Note 3: Do not let litigation holds stop you in continuing with deletion practices – sounds like bad advice. But, I submit there is a simple and effective work around that legal will agree to in an effort to keep costs under control.
- Virtualize your storage infrastructure: including secondary storage. This is another form of consolidation and we had great success in driving cost out with server and storage consolidation in the late 1990′s. Why consolidation? Think ‘thin provisioning’. Stop allocating storage to applications and living with 35% to 40% utilization (industry sources). Even better storage virtualization controllers provide automated migration capabilities so you can now automate tiering.
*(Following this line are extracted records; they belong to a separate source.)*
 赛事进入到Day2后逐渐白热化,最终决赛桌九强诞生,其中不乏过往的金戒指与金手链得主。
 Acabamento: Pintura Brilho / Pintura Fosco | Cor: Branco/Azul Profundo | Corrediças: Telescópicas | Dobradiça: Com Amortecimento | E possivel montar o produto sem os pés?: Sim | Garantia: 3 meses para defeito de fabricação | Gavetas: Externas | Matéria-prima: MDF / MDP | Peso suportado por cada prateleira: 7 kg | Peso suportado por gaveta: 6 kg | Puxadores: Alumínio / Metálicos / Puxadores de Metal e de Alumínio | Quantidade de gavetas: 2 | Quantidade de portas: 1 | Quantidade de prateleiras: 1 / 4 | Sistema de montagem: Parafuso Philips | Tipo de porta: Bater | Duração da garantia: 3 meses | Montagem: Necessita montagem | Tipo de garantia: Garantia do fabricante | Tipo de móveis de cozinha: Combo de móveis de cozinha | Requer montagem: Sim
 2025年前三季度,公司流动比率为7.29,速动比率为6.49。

Here are the value proposition metrics:
– Fix capacity utilization with thin provisioning – 30% to 50% capacity utilization efficiency improvement that provides a short term gain (<1 yr ROI)
– The claim is that automated tiering will reduce storage costs 90%. (Source: IDC 2009)
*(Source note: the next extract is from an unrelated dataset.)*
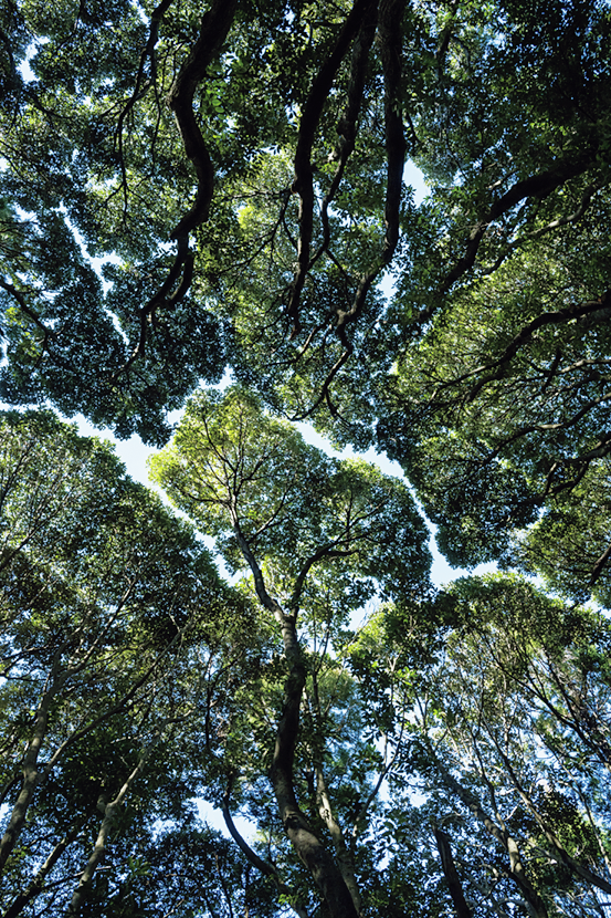 大木の樹冠を見ると、たくさんの葉が効率よく太陽の光を分け合って浴びているのがわかる。自然というものは不思議だ。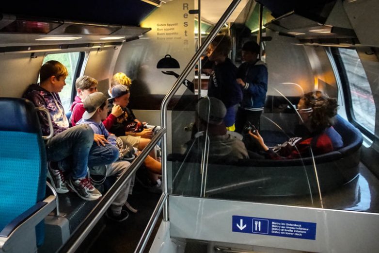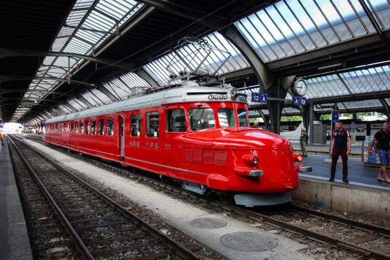 Как и у соседей-немцев, в Швейцарии большинство междугородних поездов двухэтажные. Красно-белая гамма – фирменный стиль для составов, принадлежащих SBB CFF FFS.

– I add that reduced storage cost translates to huge reductions in opex. See my post on the Cost of Managing Storage)
- Change Backup: With tiering, we can segregate active, inactive, reference, and expired information and data. Stop backing up everything, but active data. (Why, Because you already backed it up or have it in your preservation store. Get intelligent about your data protection schemes.) Active information and data occupy only 20-25% of your capacity. You just saved 75% of your backup costs and backup operations represent 35% to 55% of the IT budget. Go figure! Reducing backup operations costs is a huge win. And, there are even more ways to save $$ in your data protection methods. Among them is capacity optimization but before we go there chew on these metrics about backup efficiency:
– Oh, by the way. The Capex to do this is $0.
– The first time backup-to-tape success rate is 60-70%,
– 30% of restores from backup fail – why do we accept this?
– 90% of tape or disk capacity used by traditional tape-oriented backup utilities is redundant so the disk utilization efficiency factor in D2D is less than 5% with RAID and required slack space. This means the actual cost of backup is way out of line with its value.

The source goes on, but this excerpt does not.